I left all those tears in your bed

April 5, 2008 – 12:46 am

Do you think if the anniversary of a certain date or a specific instance in your life falls on the same day of the week that it had actually happened, the memories of it all feel stronger? Or is it just me? Sometimes, I really think the things I think, feel and imagine are just me.

Here we are, five years past my return from California and this week that we are currently in (April 5th - 12th) is what I would probably refer to as my "Hell Week", if I were to compare it to the "Holy Week" of Christianity with Palm Sunday through Easter Sunday. Because at that time and still looking back now, I don’t think I have ever been as miserable as I was in that specific week of my life.  The end of the end was unbearable and I know now that I am only that much stronger and smarter because of it. But had you come to me, five years ago today and told me about my life currently, where I am, who I am with and what all I am doing, I never would have been able to comprehend it. Seriously, I couldn’t see past getting up in the morning, going to work, coming home and not entirely falling apart. Which I am sure I did, more than once.

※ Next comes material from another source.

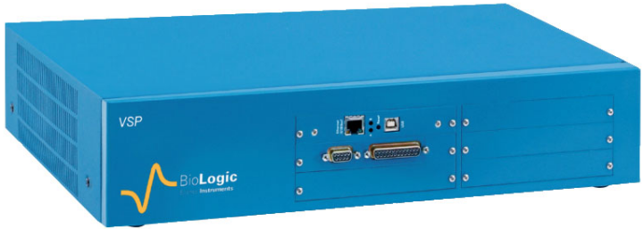 VSP多通道電化學工作站,可安裝 5 個通道。基于優秀的模塊化功能,用戶可在 VSP主機內安裝EIS 電化學阻抗通道(占一個接口)、低電流模塊(和阻抗通聯用) 以及內置 4A 大電流模塊。VSP 還可安裝外置電流擴展器,可支持100A。任意兩個通道即可組建雙恒電位儀,用于控制外部旋轉環盤裝置進行電化學研究。

I have always notated and somewhat celebrated April 12th, not only for my cousin’s and several friend’s birthdays, but also as the day I left and really, the day that my life truly changed. Had I not left, I really don’t know what would have happened to me but I am pretty sure it would have been for the worst. Moving back to Vancouver, boomeranging back into my parent’s house and life and basically becoming a dependent again, it really was the only right option, no matter what my ex tried to tell me at the time.

It’s not that I am going to reflect all week and continually dwell on what went down five years ago. But right now, knowing what this week is, where I was and all that I have accomplished since then, I have to be proud of myself.